This message is in response to Message #59911 on the topic of Asian Migration to Scandinavia, Sept. 1st (and continuing discussion), although I wasn't clever enough to respond directly to the thread.
This comment is on the thread Asian Migration to Scandinavia, because that discussion intersects with something I am working on. I study (Proto)-Indo-European religion, that is, the religion that can be reconstructed based on an analysis of IE language. So I was noticing the discussions about the historical events involving the possible movement of people from the east to Denmark or Scandinavia. I wasn't aware of the historical events with the exception that I had seen the destruction of Dacia by the Romans in about 167 AD. It seems that the Dacians had a major temple at Sarmizgetae which seems to have had a number of characteristics that make it look Zoroastrian (in a vague sort of way). There were plenty of Germanic speaking people in the area of Dacia (now Romania, more or less), notably people referred to as Goths, though that might be a bit vague. In this area there are also reports and inscriptions of a number of gods/goddesses whose names we
can recognize as having a form that shows Germanic sound shifts from a PIE original. Those are my observations based on archaeological reports and my own linguistic analysis.
The other element is the "Aesir-Asura correspondence" the close correspondence between names of Germanic gods and names for Zoroastrian gods which was noticed by language scholars long ago. (There used to be a page on Wikipedia that discussed the "Aesir-Asura correspondence", but it seems to have disappeared at the moment.) This seems to put the Germanic-speaking people on the Zoroastrian side of the Pandemonium, that is the trend in which the Zoroastrians demonized the devas of the Sanskrit speakers while the Sanskrit speakers demonized the asuras of the Zoroastrians. For this reason, a deva (daeva) is a demon in Avestan, and an asura is a demon in Sanskrit, especially later Sanskrit. The pattern is much wider than this: it includes many more gods and also other languages, both Indo-European and Semitic.

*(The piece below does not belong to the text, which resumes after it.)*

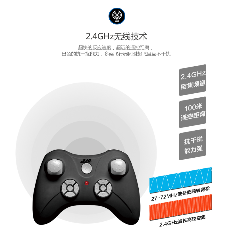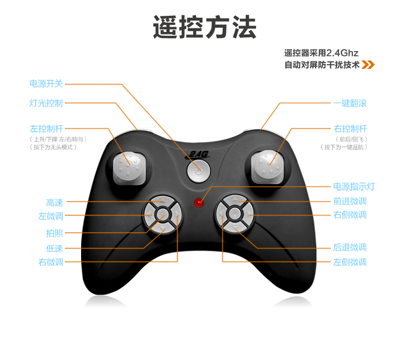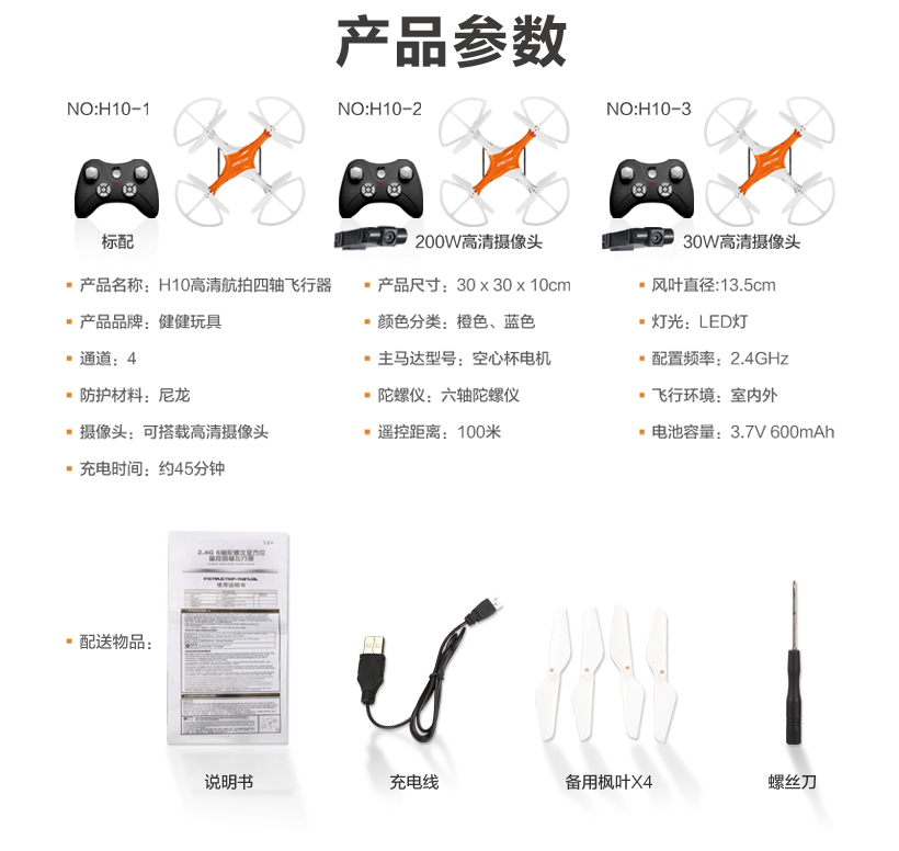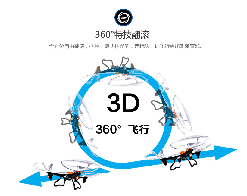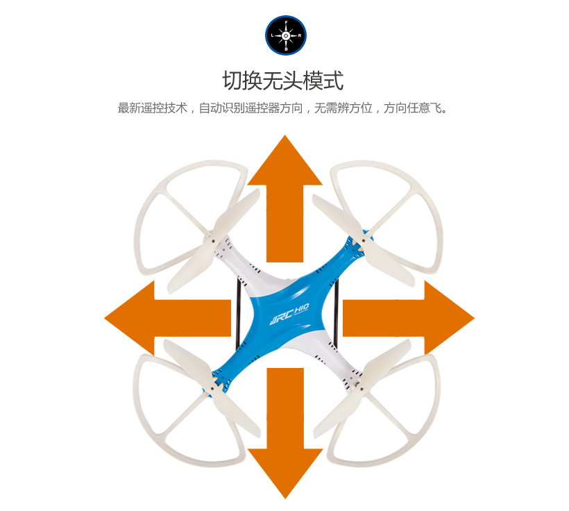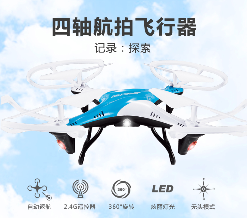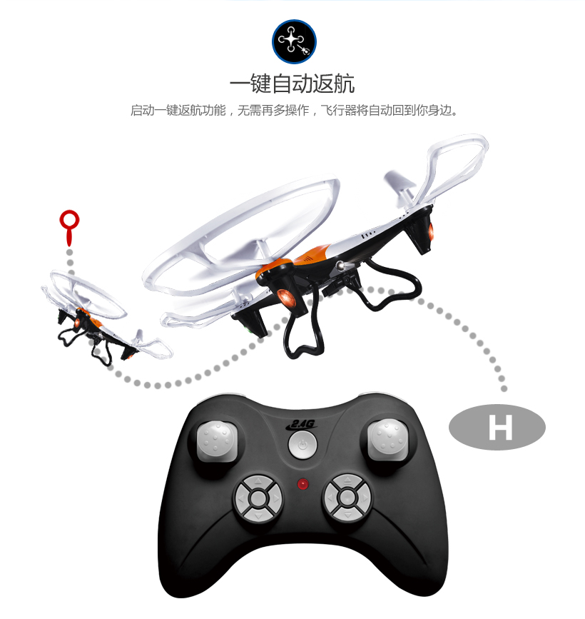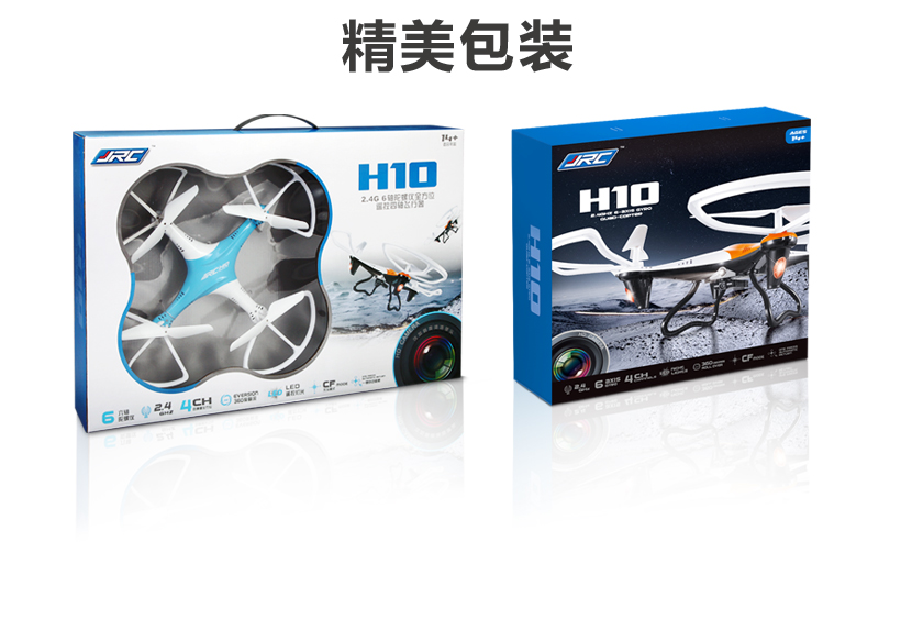 H10可以说具备了你心目中四轴的所有特色:2.4G遥控技术,重力感应功能,特技飞行 技巧,高清航拍,造型设计卓宇不凡,它不仅是敢于翻滚的飞行探险家,还是具有航拍功能的空中记录者。

What is interesting to me about this is that I could see that there seemed to be a change (or an inconsistency) in the Germanic gods overall, and the pattern follows the Zoroastrian demonization, so I wondered when or where this happened. I had thought that it might be at the time of the destruction of Dacia, but the English seem to have originally maintained a wider list of gods which does not show this pattern, and so it might have developed after the English moved from Saxony to England (say 400+ AD). Of course, if such an event (the diffusion of the Pandemonium) occurred, it might have diffused rather slowly across so great an area, but the Zoroastrian effect seems to show up in the Norse myths told in Iceland, so it must have diffused that far.
Perhaps I'll get energetic (and read Procopius!), as well as make a chart of the pattern of the Pandemonium over the whole of the Germanic speaking world, to see the pattern of diffusion.
Raucous D
Proto-Indo-European religion
(
http://en.wikipedia.org/wiki/Proto-Indo-European_religion)
*this message has been edited to remove sarcasm, colorful adjectives and rhetorical flourishes.